### Source data:
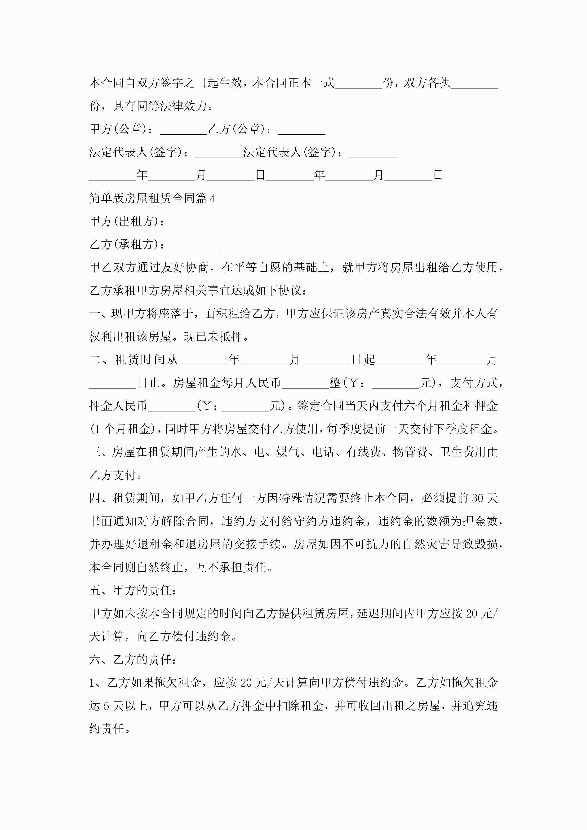 简单版房屋租赁合同范文jugei3月23日 01:43发布关注186 简单版房屋租赁合同范文此内容为付费资源,请付费后查看¥10.9 单篇文档限时特惠¥15个人会员开通企业会员开通立即下载无需登陆!可直接快捷下载单个模板付费资源© 版权声明THE ENDWord模板# 实用文档# 实用模板# 合同模板# 租赁合同 如有问题,可点击最底部“联系我们”联系客服 分享QQ空间微博QQ好友海报分享复制链接收藏
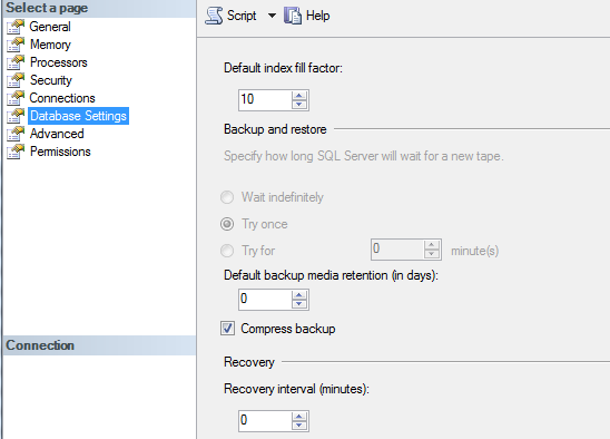 The default fill factor on a SQL Server instance is 0. This is the value that’s used when no other value has been specified. Functionally it’s the same as a value of 100. The aim is to fill pages. Generally we like to see pages completely full whenever possible, apart from some scenarios where inserts are occurring throughout tables. We tend to try to minimize the situations where that occurs.
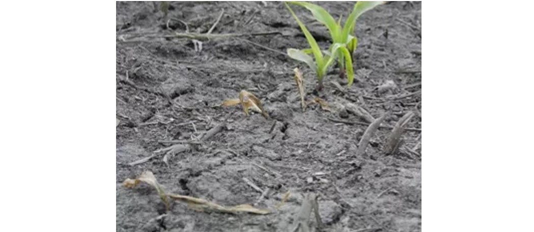 10. ábra: A körülbelül V2 növekedési fázisban lévő kukoricanövények, amelyek magelhalásban pusztultak el. Ezen a területen a vetés után hideg körülmények és telített talajok voltak.
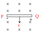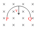A semicircle loop PQ of radius ′R′ is moved with velocity ′v′ in transverse magnetic field as shown in figure. The value of induced emf. across the ends PQ of the loop is

### Work order:
Repeat the data exactly. No pictures should appear.

### Answer to this task:
 简单版房屋租赁合同范文jugei3月23日 01:43发布关注186 简单版房屋租赁合同范文此内容为付费资源,请付费后查看¥10.9 单篇文档限时特惠¥15个人会员开通企业会员开通立即下载无需登陆!可直接快捷下载单个模板付费资源© 版权声明THE ENDWord模板# 实用文档# 实用模板# 合同模板# 租赁合同 如有问题,可点击最底部“联系我们”联系客服 分享QQ空间微博QQ好友海报分享复制链接收藏
 The default fill factor on a SQL Server instance is 0. This is the value that’s used when no other value has been specified. Functionally it’s the same as a value of 100. The aim is to fill pages. Generally we like to see pages completely full whenever possible, apart from some scenarios where inserts are occurring throughout tables. We tend to try to minimize the situations where that occurs.
 10. ábra: A körülbelül V2 növekedési fázisban lévő kukoricanövények, amelyek magelhalásban pusztultak el. Ezen a területen a vetés után hideg körülmények és telített talajok voltak.
A semicircle loop PQ of radius ′R′ is moved with velocity ′v′ in transverse magnetic field as shown in figure. The value of induced emf. across the ends PQ of the loop is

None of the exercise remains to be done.